§ Exercise requirements
Given the records underneath, please repeat exactly the lines from the line with "關于召開2018年第一次臨時股東大會的通知" through the line with "서양식 데님 토트백, 절묘하고", passing over any picture.

***** Data to process

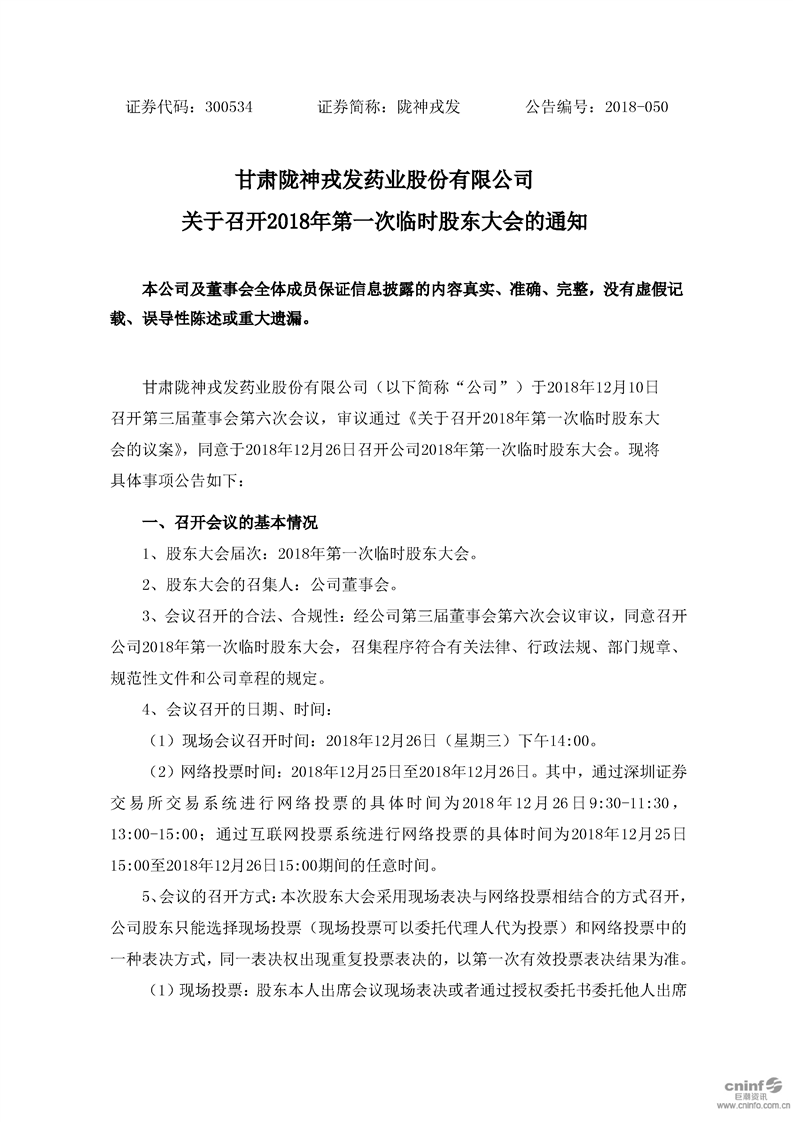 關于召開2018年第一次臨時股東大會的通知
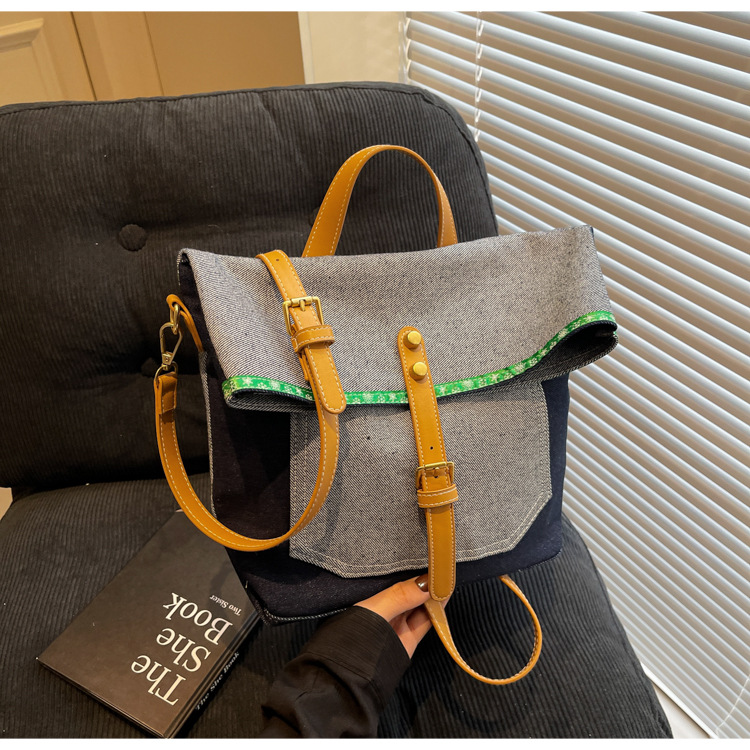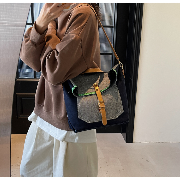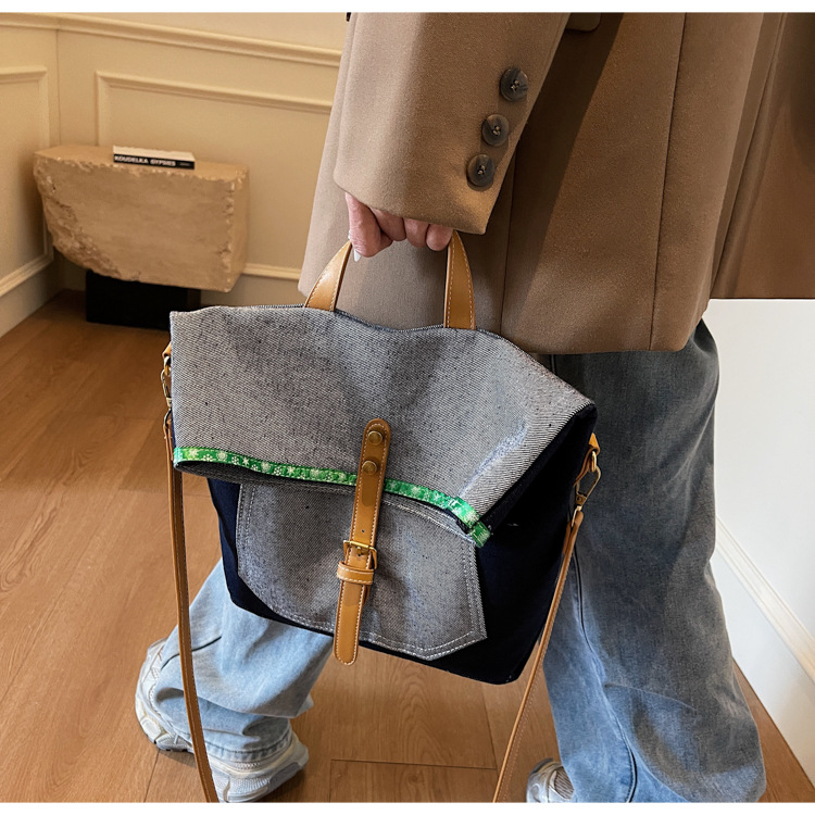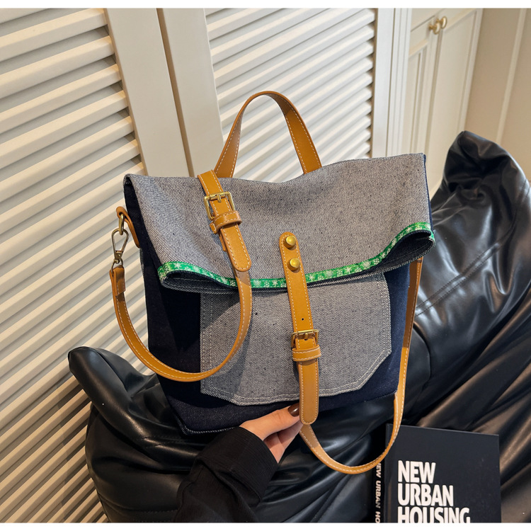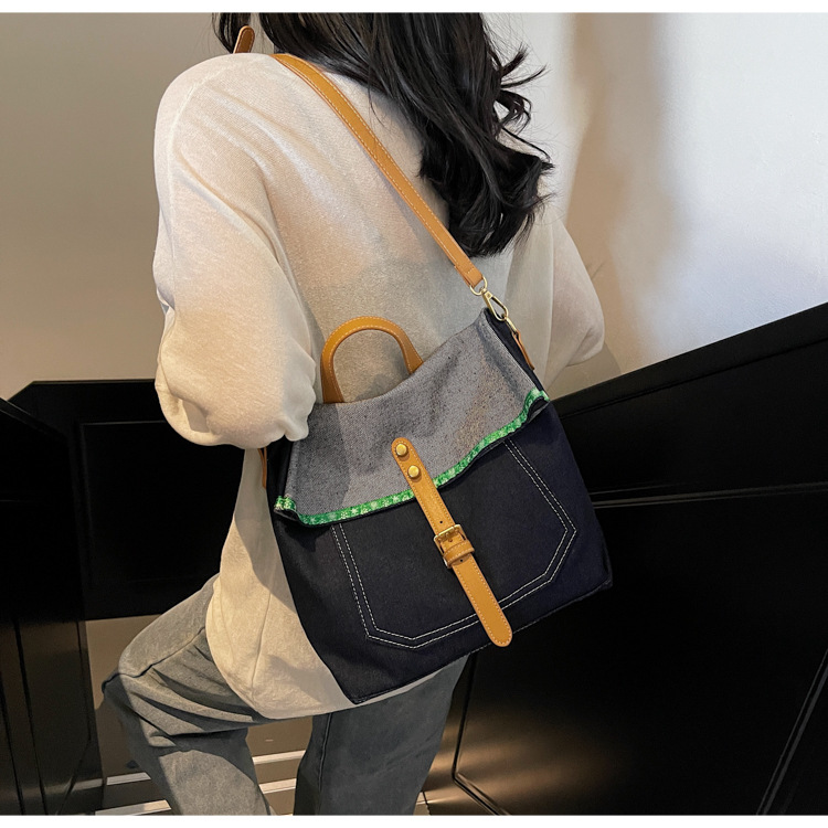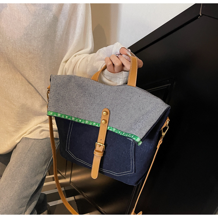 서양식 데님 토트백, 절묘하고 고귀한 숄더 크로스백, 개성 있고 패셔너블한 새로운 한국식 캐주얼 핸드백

**********
***** Data to process

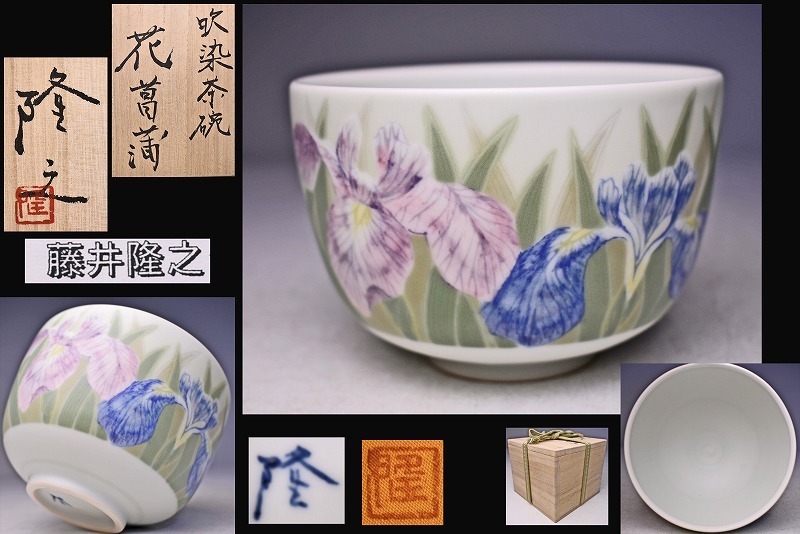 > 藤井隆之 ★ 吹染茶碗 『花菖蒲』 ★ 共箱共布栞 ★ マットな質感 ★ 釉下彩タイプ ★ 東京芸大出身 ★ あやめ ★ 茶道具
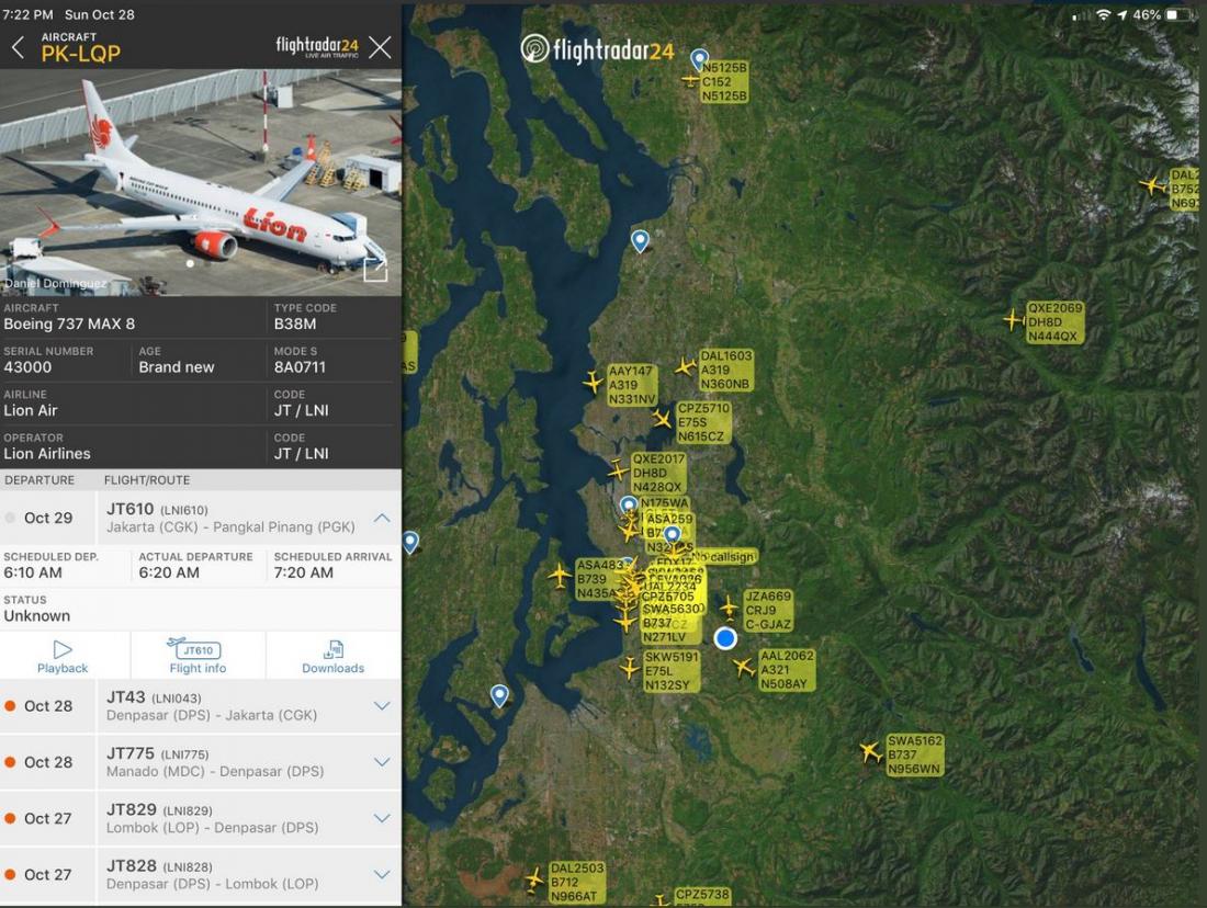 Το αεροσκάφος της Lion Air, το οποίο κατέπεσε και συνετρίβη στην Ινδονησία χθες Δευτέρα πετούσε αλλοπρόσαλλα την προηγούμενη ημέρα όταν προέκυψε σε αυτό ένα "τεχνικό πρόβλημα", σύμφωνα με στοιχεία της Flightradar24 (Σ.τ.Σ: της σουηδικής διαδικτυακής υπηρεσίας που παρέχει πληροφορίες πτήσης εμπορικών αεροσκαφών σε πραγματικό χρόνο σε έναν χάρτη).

**********

§ Reply to the exercise
 關于召開2018年第一次臨時股東大會的通知
 서양식 데님 토트백, 절묘하고 고귀한 숄더 크로스백, 개성 있고 패셔너블한 새로운 한국식 캐주얼 핸드백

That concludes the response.